====== RECORDED DATA

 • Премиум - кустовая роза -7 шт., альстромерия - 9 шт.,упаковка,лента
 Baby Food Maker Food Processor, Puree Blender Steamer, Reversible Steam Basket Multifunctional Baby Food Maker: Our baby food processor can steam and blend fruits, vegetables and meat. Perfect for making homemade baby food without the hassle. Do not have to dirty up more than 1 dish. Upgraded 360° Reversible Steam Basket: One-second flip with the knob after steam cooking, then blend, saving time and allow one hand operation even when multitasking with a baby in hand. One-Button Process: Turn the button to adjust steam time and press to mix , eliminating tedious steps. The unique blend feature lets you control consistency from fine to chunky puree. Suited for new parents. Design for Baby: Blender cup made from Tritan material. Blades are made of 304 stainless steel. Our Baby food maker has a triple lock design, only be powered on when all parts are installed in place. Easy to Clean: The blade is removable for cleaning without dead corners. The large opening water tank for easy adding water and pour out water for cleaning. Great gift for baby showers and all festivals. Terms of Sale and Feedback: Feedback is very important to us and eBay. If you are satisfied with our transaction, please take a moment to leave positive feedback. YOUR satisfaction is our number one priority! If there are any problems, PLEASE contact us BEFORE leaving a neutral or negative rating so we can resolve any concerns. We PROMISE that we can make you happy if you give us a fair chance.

============
====== RECORDED DATA

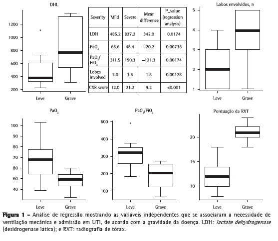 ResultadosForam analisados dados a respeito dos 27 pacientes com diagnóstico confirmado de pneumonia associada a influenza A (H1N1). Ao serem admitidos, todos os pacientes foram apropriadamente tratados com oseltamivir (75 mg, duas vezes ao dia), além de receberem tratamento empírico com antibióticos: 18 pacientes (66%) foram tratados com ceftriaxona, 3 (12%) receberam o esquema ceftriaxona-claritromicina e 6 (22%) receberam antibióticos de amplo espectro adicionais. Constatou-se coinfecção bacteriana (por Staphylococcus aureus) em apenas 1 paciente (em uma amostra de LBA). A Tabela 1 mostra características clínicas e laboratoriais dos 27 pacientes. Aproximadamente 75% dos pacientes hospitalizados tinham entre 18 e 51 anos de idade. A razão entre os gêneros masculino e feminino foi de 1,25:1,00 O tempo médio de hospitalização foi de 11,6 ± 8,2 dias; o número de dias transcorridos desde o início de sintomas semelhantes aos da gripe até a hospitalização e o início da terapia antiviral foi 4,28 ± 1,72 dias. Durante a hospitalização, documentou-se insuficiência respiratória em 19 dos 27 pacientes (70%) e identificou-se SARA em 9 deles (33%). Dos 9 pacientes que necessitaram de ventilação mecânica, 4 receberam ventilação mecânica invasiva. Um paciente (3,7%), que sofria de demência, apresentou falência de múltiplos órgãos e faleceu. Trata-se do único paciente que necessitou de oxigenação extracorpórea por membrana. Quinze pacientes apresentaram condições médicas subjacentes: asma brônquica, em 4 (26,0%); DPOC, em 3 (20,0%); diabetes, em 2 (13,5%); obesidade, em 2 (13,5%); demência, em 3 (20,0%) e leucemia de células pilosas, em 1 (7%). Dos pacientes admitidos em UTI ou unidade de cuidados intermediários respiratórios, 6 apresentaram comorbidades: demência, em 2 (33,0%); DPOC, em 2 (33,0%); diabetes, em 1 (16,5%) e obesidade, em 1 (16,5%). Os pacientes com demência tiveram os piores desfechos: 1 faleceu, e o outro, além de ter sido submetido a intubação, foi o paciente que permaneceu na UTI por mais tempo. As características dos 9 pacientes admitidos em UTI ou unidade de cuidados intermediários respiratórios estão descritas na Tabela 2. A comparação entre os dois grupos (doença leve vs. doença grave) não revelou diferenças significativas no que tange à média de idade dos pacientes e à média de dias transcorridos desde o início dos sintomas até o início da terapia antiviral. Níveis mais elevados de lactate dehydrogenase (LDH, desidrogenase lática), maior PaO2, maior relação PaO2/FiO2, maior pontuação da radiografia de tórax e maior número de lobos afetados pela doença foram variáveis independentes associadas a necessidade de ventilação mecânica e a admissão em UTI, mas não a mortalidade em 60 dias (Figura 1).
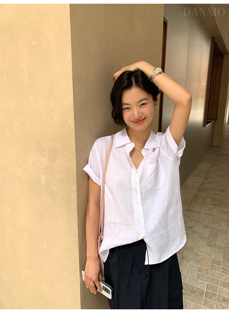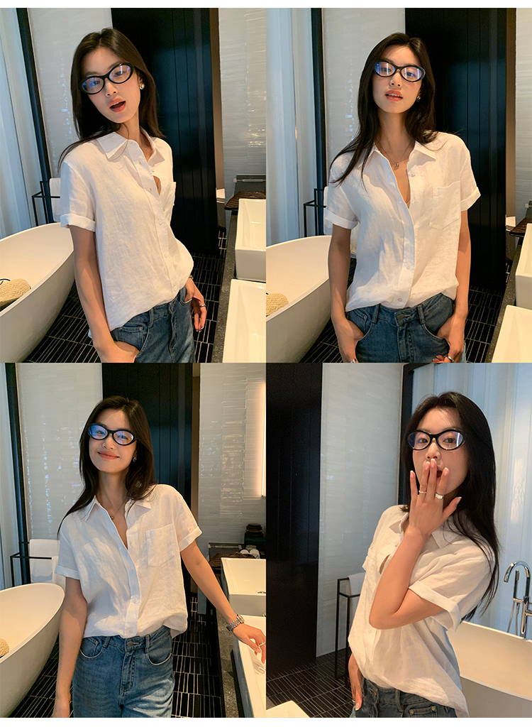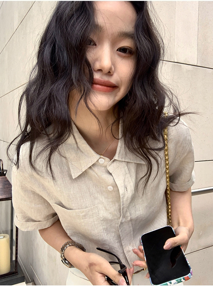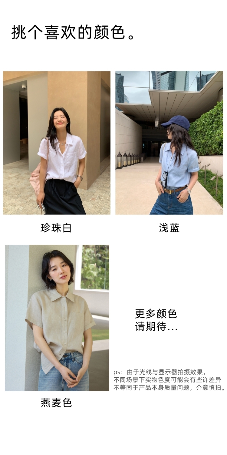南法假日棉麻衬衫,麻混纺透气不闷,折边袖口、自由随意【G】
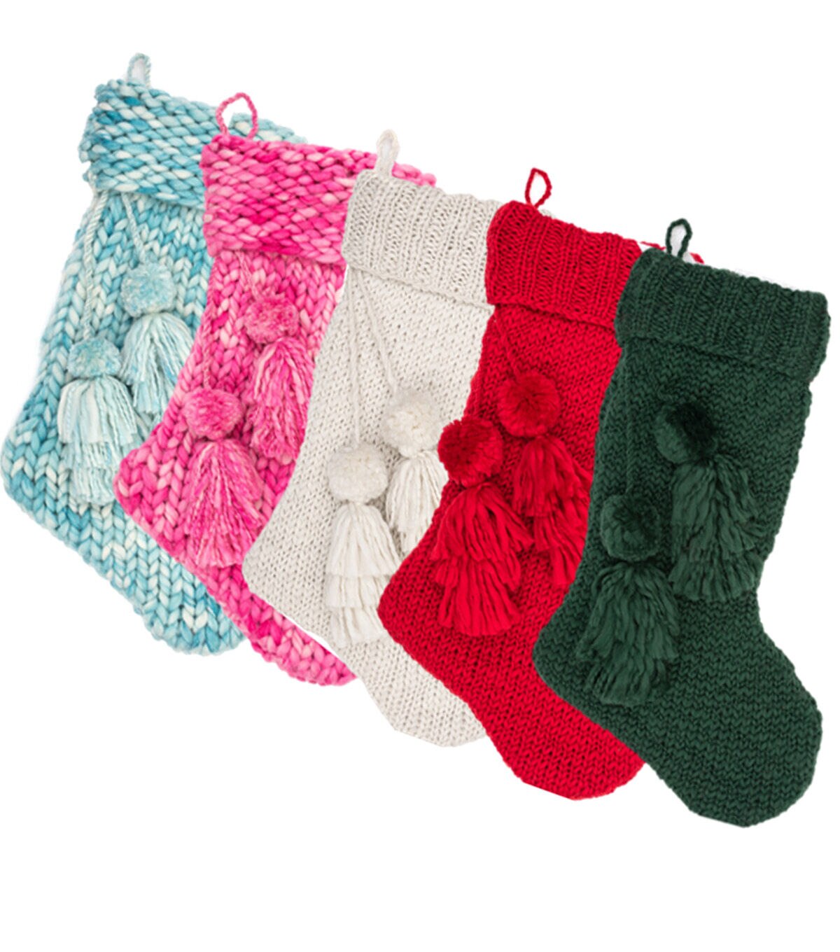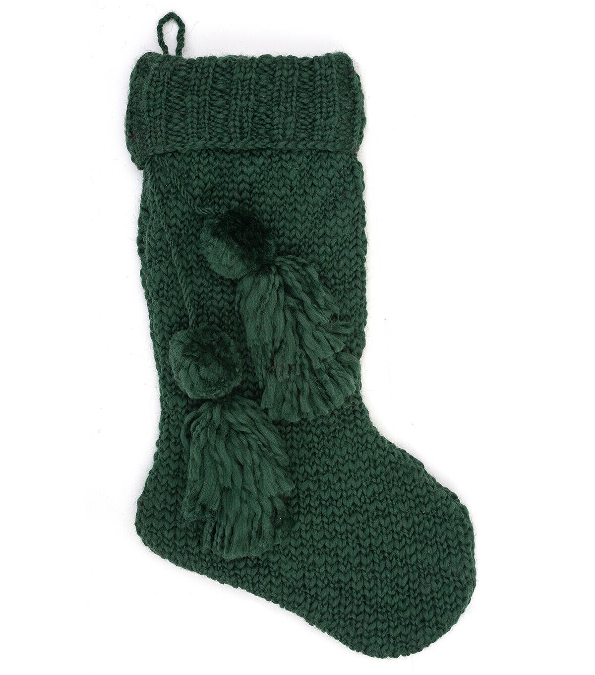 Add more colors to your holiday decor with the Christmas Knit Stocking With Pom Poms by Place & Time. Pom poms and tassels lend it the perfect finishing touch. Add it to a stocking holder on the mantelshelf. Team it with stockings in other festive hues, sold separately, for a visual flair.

============
====== RECORDED DATA

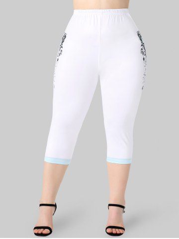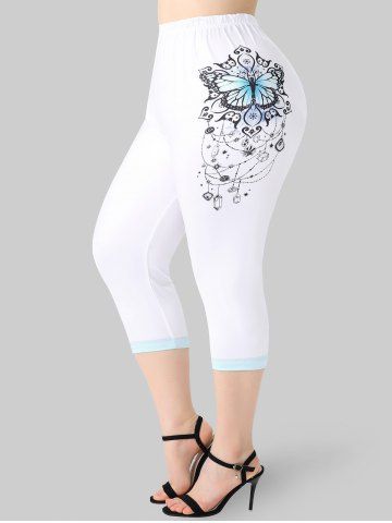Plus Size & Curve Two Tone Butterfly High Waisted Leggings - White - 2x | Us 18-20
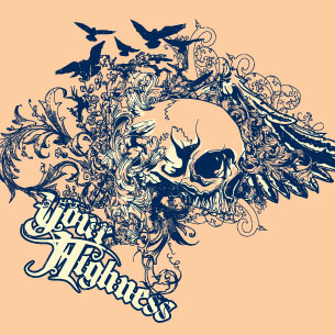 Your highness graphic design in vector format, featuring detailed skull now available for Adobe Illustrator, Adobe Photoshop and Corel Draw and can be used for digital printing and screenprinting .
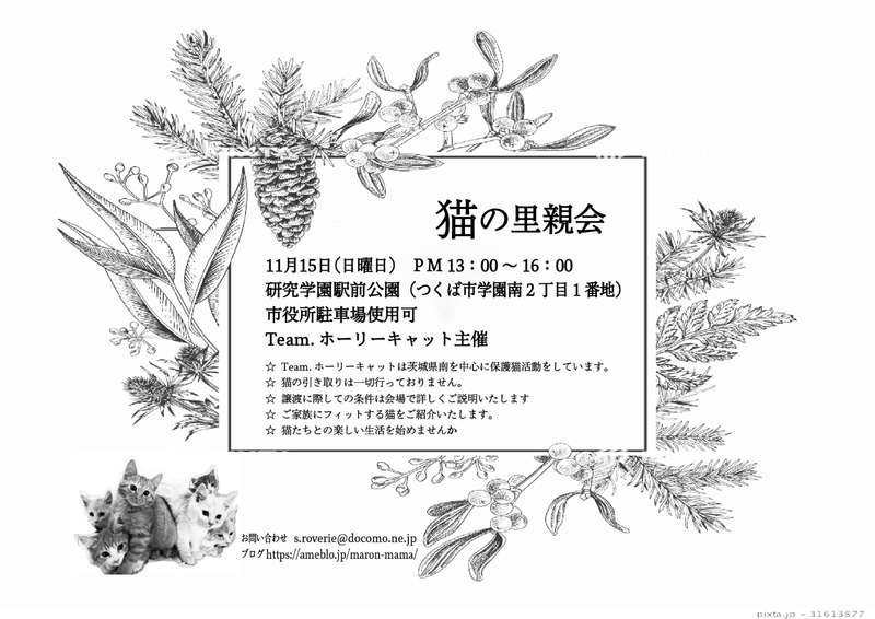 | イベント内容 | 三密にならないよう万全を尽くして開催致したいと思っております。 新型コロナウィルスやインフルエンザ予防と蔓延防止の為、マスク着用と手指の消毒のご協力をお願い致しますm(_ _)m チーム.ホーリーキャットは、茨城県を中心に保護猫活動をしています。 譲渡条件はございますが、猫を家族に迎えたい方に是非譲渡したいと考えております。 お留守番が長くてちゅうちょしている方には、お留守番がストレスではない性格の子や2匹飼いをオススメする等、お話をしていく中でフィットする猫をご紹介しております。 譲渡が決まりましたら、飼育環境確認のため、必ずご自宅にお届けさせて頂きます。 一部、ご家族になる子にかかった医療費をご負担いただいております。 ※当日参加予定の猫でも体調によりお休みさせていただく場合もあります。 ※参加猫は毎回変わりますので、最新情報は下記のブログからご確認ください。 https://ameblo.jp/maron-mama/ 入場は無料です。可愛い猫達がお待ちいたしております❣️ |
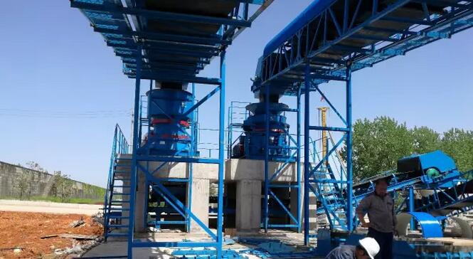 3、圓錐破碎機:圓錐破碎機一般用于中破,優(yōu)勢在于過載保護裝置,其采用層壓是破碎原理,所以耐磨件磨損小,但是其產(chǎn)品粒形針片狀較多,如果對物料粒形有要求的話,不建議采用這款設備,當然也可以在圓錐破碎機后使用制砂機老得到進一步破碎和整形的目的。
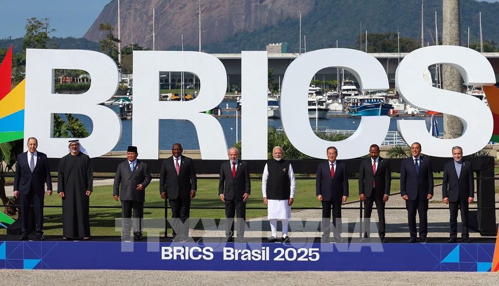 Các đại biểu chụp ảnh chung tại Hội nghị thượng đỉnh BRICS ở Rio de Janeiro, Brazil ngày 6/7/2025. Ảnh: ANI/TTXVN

============

• EXERCISE AIM: From the data above, return only the lines starting at the line that holds "南法假日棉麻衬衫,麻混纺透气不闷,折边袖口、自由随意【G】" and ending at the line that holds "Add more colors", word for word and without pictures.

• SOLUTION FOR THIS TASK:
南法假日棉麻衬衫,麻混纺透气不闷,折边袖口、自由随意【G】
 Add more colors to your holiday decor with the Christmas Knit Stocking With Pom Poms by Place & Time. Pom poms and tassels lend it the perfect finishing touch. Add it to a stocking holder on the mantelshelf. Team it with stockings in other festive hues, sold separately, for a visual flair.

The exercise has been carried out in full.